The Memphis Italian Festival starts today and runs through Saturday. It’s at Marquette Park at the corner of Park and Mt.Moriah and runs from 6 pm to 10 pm today and 11 am to 11 pm Friday and Saturday.

I probably won’t go myself, because this is one of those events where it’s not much fun if you don’t know someone in one of the booths (but invitations to booths might change my mind: e-mail me your invitations). Besides, the fest is about a 9-mile drive from my apartment, which means I’d have to severely limit the alcohol intake to be able to drive home, and what fun is that? On the plus side, there would probably be some good tube top sightings, considering it’s an outdoor festival in early June, with highs in the mid-80s.

25% chance I’ll go.

June is Tube Top Month at paulryburn.com

It’s back! For the entire month of June, it will be Tube Top Month right here in this blog. What that means is, every post for the entire month will mention tube tops in some form or fashion, no matter how little relevance tube tops have to the rest of the post. There will also be pictures of tube tops, links to places to buy tube tops, and lots of other fun stuff.

Tube Top Month can be quite educational. For example, at the beginning of Tube Top Month last year, one of my regular blog readers thought a tube top could have straps. “It’s almost a tube top!” she said. Through repeated counseling in the form of blog entries, I finally helped her realize that there’s no such thing as almost a tube top. By the end of the month, she had made progress, but still wasn’t quite there. “Well, if it has straps, and I untie the straps, and the top stays up, it’s a tube top, right?” Sorry, no.

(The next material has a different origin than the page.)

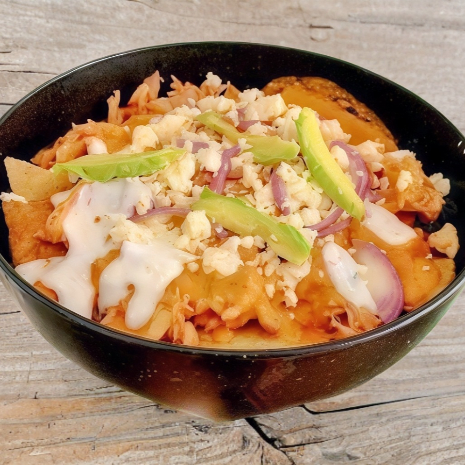Totopos crujientes bañados en una salsa chipotle, con un sabor ahumado y ligeramente picante.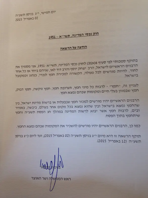 נזכיר, כי הרב הראשי לישראל, הרב דוד לאו, פנה למחרת יום הבחירות למזכיר הממשלה, אביחי מנדלבליט, על מנת שזה יפעל להסדרת נושא מכירת החמץ.

I thought Tube Top Month had been a failure, at least where she was concerned. But my proudest moment came on January 7, 2006, when she showed up at my plate party at the Flying Saucer wearing the outfit pictured below:


And at that point I realized all my hard work had paid off… I was doing my part to make the world a better place, one tube top at a time. And my influence continues to spread… for example, I know that fellow blogger Kat has been wearing more tube tops since she started reading my blog. Even The Most Annoying Woman On The Planet, with whom I rarely see eye to eye on anything, has told me that she’s going to purchase and wear a tube top in celebration of Tube Top Month.